Unless its gonna cost you a lot of money, then you could just mark time at the centre against their wishes while the charter runs out...


----------



## IcemanSK (Aug 20, 2007)

FieldDiscipline said:


> Unless its gonna cost you a lot of money, then you could just mark time at the centre against their wishes while the charter runs out...


 
I'm going to speak with my instructor (the man who gave me the Charter) & ask for his thoughts. 

As far as teaching at the Center against their wishes. It would take longer than the 4 months left in the Charter to make that happen. It would get too ugly & not worth my emotional investment.

The parents of my students came to me & asked if they could talk to the powers that be. I told them, sure. If they can pursuade them, great!


----------



## Catalyst (Aug 20, 2007)

Hi Iceman,

Just some thoughts

1.)  If you're dealing with a City program, are there any elected officials like Mayor, Councilmen, Councilwomen, etc. that the parents could talk to?
It's one thing for a parent to try and talk with an appointed bureaucrat like a Parks & Recreation Director.  It can be a totally different scenario if 120 parents contact elected officials.  Elected officials rely on votes to keep their jobs, and concerned parents can have some leverage (especially 120 of them).

2.)  Maybe present the issue to the elected leaders as 120 children losing a very valuable program that the elected leaders could save (for minimal cost) by allowing you to use the off-site parks building.  They would be spending pennies to invest in the future of the community, our youth.

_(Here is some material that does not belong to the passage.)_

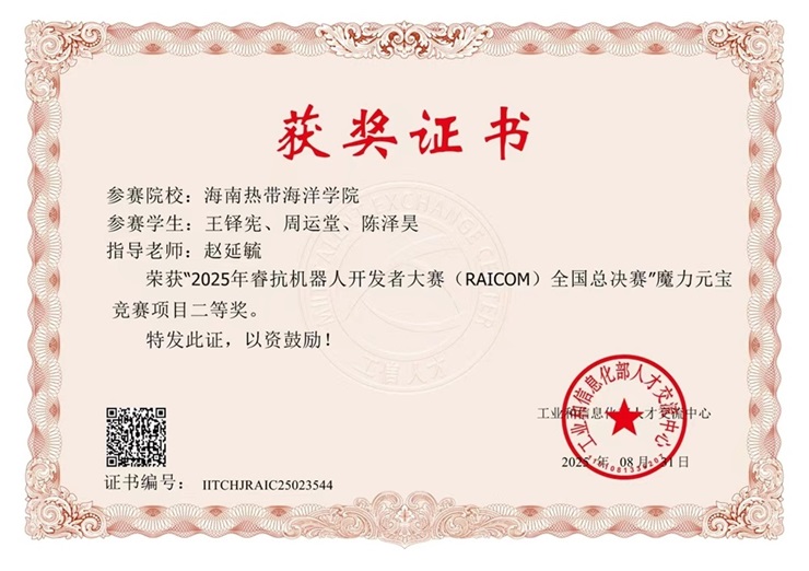 睿抗机器人开发者大赛是一项面向全国高校学生的机器人技术竞技与创新平台,由工业和信息化部人才交流中心等权威机构主办,旨在推动机器人技术与产业应用人才培养。本次全国总决赛吸引了来自全国各地高校的众多优秀团队同场竞技,竞争异常激烈。海洋yl7703永利集团高度重视睿抗机器人开发者大赛,作为承办单位省赛期间精心组织积极筹备,共获得省级一等奖2项、二等奖4项、三等奖7项。国赛更是精心选拔优秀学生组成参赛团队,并安排专业教师进行悉心指导。比赛前期,团队成员们在指导教师的带领下,克服了重重困难,进行了为期数月的刻苦训练和精心准备。他们不断优化机器人的设计方案,反复调试机器人的各项性能参数,力求在比赛中发挥出最佳水平。
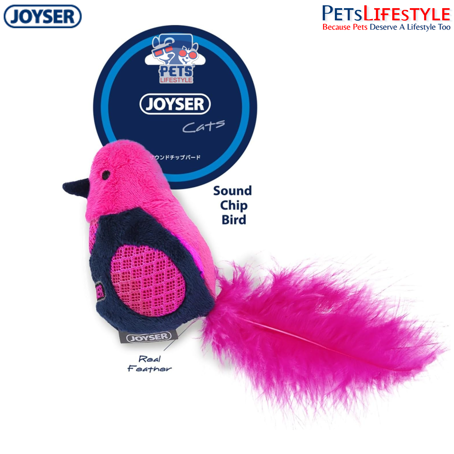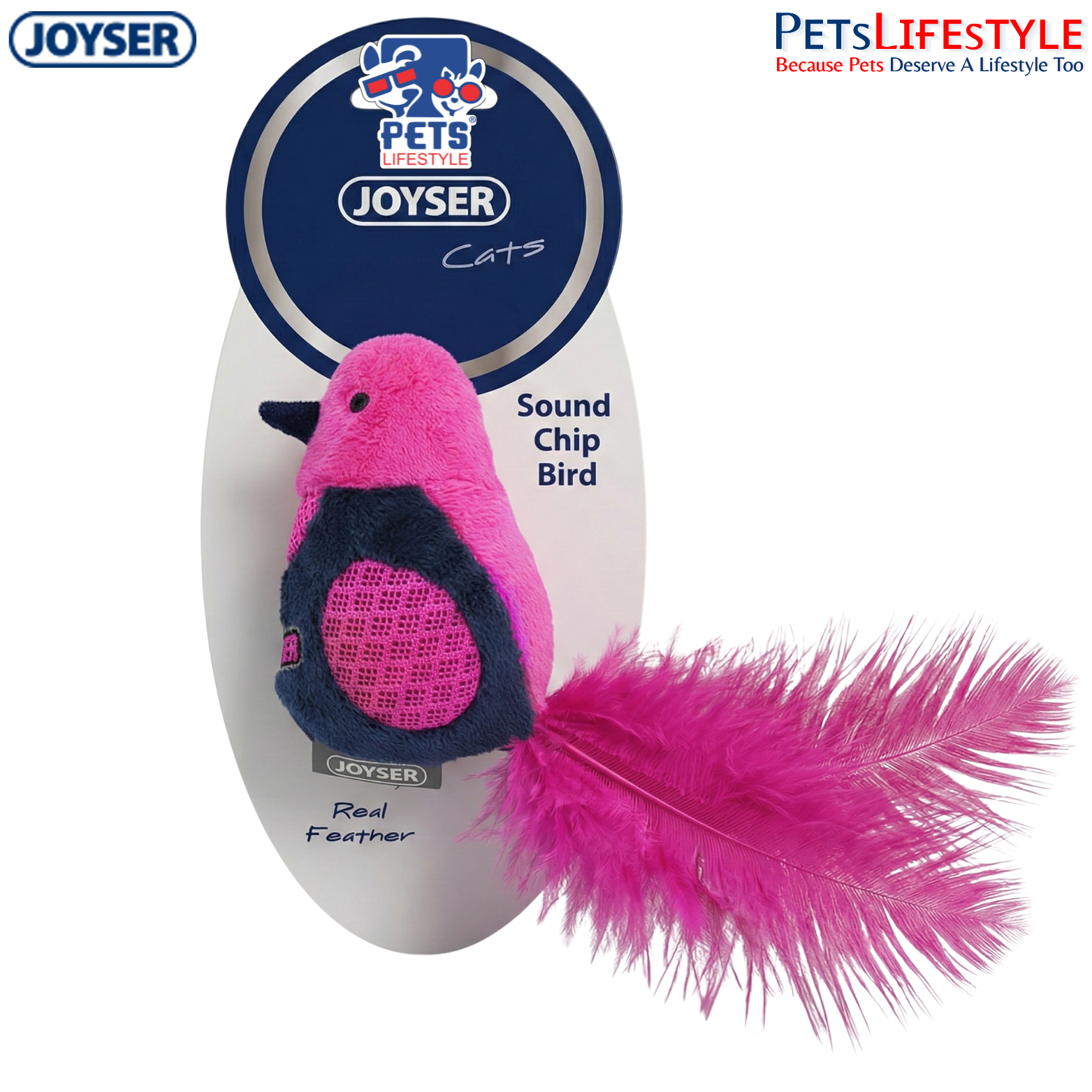 The JOYSER Cat Bird with Feathers & Sound Chip – Pink/Blue is a unique interactive toy that comes alive with sound at the slightest touch. Equipped with a motion-activated sound chip, it produces realistic prey-like sounds that instantly capture your cat’s attention and trigger natural hunting instincts.

I'm sure you've already considered these, but thought I would throw them out.


----------



## FieldDiscipline (Aug 20, 2007)

Catalyst said:


> 2.)  Maybe present the issue to the elected leaders as 120 children losing a very valuable program that the elected leaders could save (for minimal cost) by allowing you to use the off-site parks building.  They would be spending pennies to invest in the future of the community, our youth.



A good way forward.

Also given that (if I've read this right) you've used 20 months of a 24 month charter, then I'd offer to pay them four 24ths of the cost.  If that makes sense :uhohh:


----------